Section of Vascular Surgery, Mayo Clinic, Jacksonville, FL, USA.

出版信息

Vasc Endovascular Surg. 2004 Jan-Feb;38(1):51-6. doi: 10.1177/153857440403800106.

DOI:10.1177/153857440403800106
PMID:14760477
Abstract

Stent-grafts are ideally terminated within the common iliac artery (CIA). However, CIA ectasia may require hypogastric artery occlusion, with stent-graft extension to the external iliac artery. Alternatively, the diameter of the distal stent-graft may be increased, or flared, to allow exclusion of the abdominal aortic aneurysm. This report details the authors' experience with this technique. Forty-one patients received bifurcated stent-grafts (BSG): 20 received an AneuRx device, and 21 received a Zenith device. CIA ectasia (diameter 15-25 mm) was treated with a distal flare of 2-4 mm greater than the CIA diameter. Patients were followed up with computed tomography scan at 1, 6, and 12 months. Statistical analysis was performed using ANOVA within groups and unpaired two-tailed t test between groups. A p value of < 0.05 was considered significant. Eight of 20 patients (40%) (11 CIA) received an AneuRx device and 13/21 (62%) (17 CIA) received a Zenith device, with a distal flare. Values are (n) mean (mm) +/- SE. There were no deaths, endoleaks, migrations, or conversions to open repair.
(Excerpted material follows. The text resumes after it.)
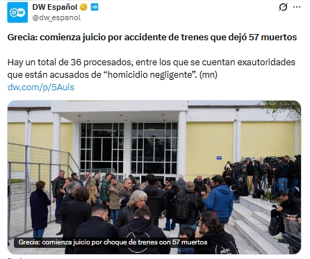 Un total de 36 acusados, incluidos altos funcionarios, un expresidente de la empresa estatal Ferrocarriles de Grecia (OSE), directivos de Hellenic Train y exautoridades del Ministerio de Transporte, enfrentan cargos por homicidio negligente y otros delitos que podrían derivar en cadena perpetua.
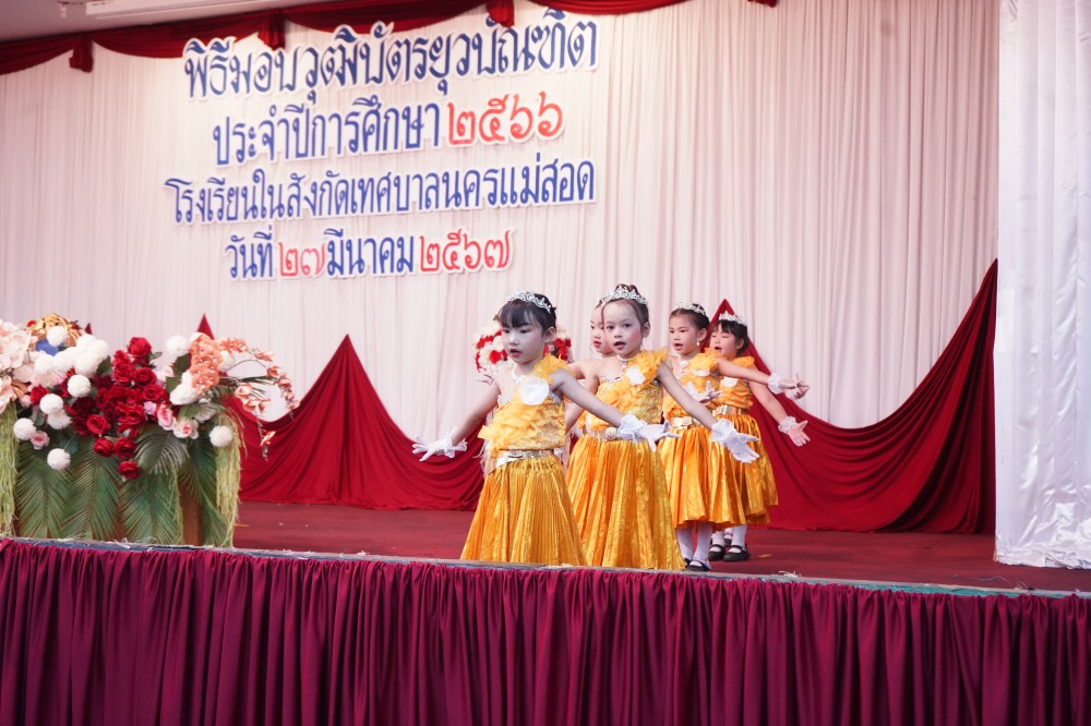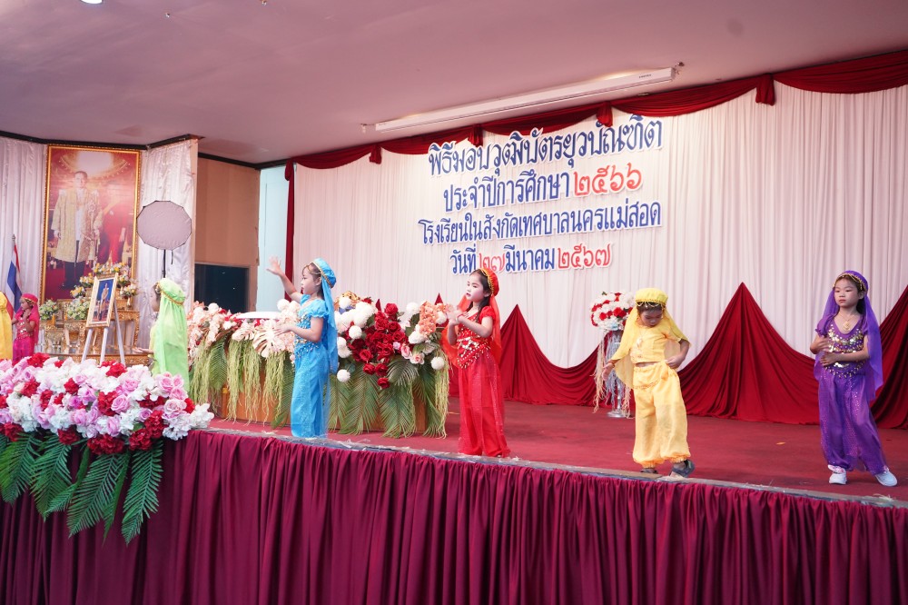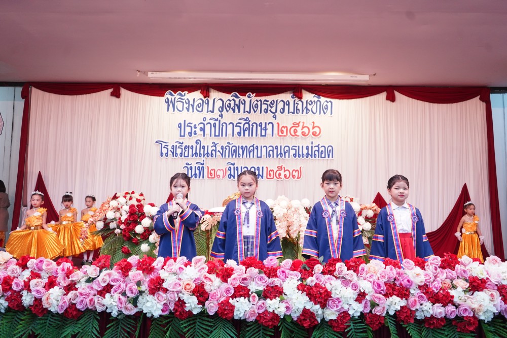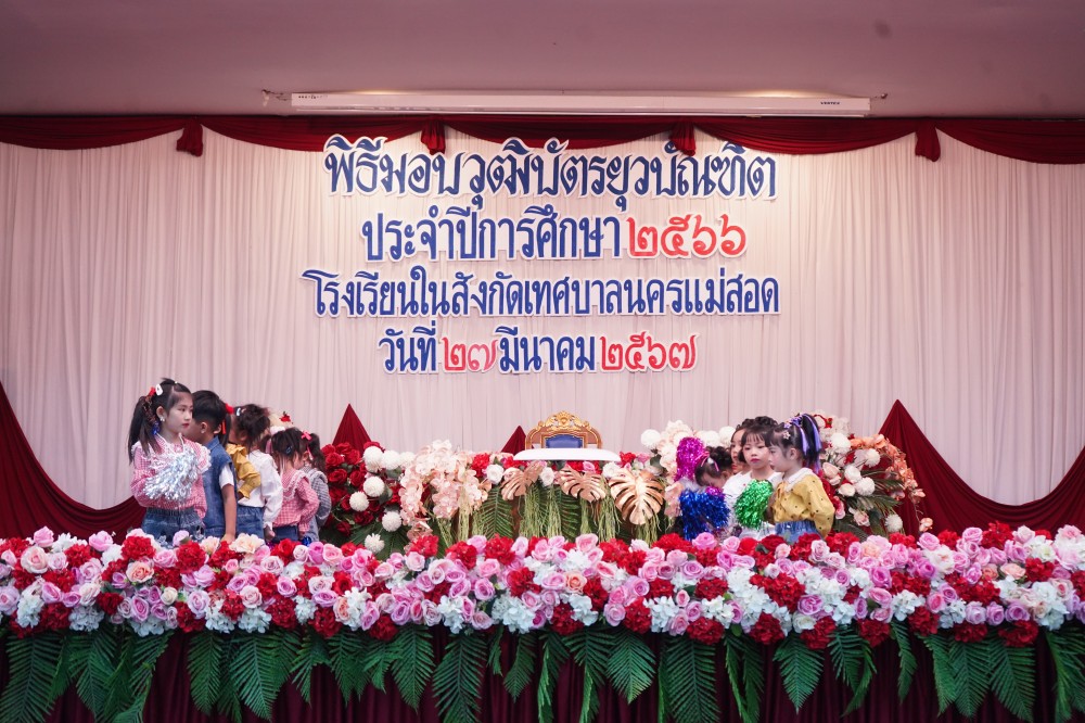 วันที่ 27 มีนาคม 2567 เวลา 09.00 น. ณ ศูนย์กลางแสดงสินค้าและศูนย์ประชุมเพื่อส่งเสริมการท่องเที่ยว เทศบาลนครแม่สอดจัดกิจกรรมพิธีมอบวุฒิบัตรยุวบัณทิต ประจำปีการศึกษา 2566 หลักสูตรการศึกษาระดับปฐมวัยจากโรงเรียนในสังกัดเทศบาลนครแม่สอด ประจำปีการศึกษา 2566 โดยได้รับเกียรติจากว่าที่ร้อยตรีประเสริฐ ปวงละคร นายกเทศมนตรีนครแม่สอด พร้อมด้วยคณะผู้บริหาร สมาชิกสภาเทศบาลนครแม่สอด ให้เกียรติเป็นประธานในพิธีเปิด และมีนายศุภกร เบญจกัญญา ปลัดเทศบาลนครแม่สอด กล่าวรายงานถึงวัตถุประสงค์ในการจัดงานในครั้งนี้

Follow-up mean was 24.7 and 20.6 (range 15-28) months for AneuRx and Zenith groups, respectively. In comparing initial and 12-month CIA diameters, AneuRx grafts 20 +/-0.8 vs 21.5 +/-1.0 were not significantly different, p = 0.2, nor was the same comparison for Zenith, 17 +/-0.5 vs 19.1 +/-0.4, significant, p = 0.57. At a mean follow-up of 12 months, distal flare of iliac limbs with either AneuRx or Zenith devices affords a seal for CIA ectasia and/or aneurysms complicating EVAR.

摘要

覆膜支架理想情况下应在髂总动脉(CIA)内终止。然而,髂总动脉扩张可能需要闭塞髂内动脉,将覆膜支架延伸至髂外动脉。或者,可以增加或扩张远端覆膜支架的直径,以实现腹主动脉瘤的隔绝。本报告详细介绍了作者使用该技术的经验。41例患者接受了分叉覆膜支架(BSG):20例接受了AneuRx装置,21例接受了Zenith装置。髂总动脉扩张(直径15 - 25毫米)采用比髂总动脉直径大2 - 4毫米的远端扩张进行治疗。患者在1个月、6个月和12个月时接受计算机断层扫描随访。使用组内方差分析和组间非配对双尾t检验进行统计分析。p值<0.05被认为具有统计学意义。20例患者中的8例(40%)(11条髂总动脉)接受了AneuRx装置,21例中的13例(62%)(17条髂总动脉)接受了带有远端扩张的Zenith装置。数值为(n)平均值(毫米)±标准误。无死亡、内漏、移位或转为开放修复的情况。AneuRx组和Zenith组的随访平均时间分别为24.7个月和20.6个月(范围15 - 28个月)。比较初始和12个月时的髂总动脉直径,AneuRx移植物分别为20±0.8与21.5±1.0,差异无统计学意义,p = 0.2,Zenith装置的相同比较,17±0.5与19.1±0.4,差异也无统计学意义,p = 0.57。在平均12个月的随访中,使用AneuRx或Zenith装置的髂支远端扩张可为髂总动脉扩张和/或与腔内修复术相关的动脉瘤提供封闭。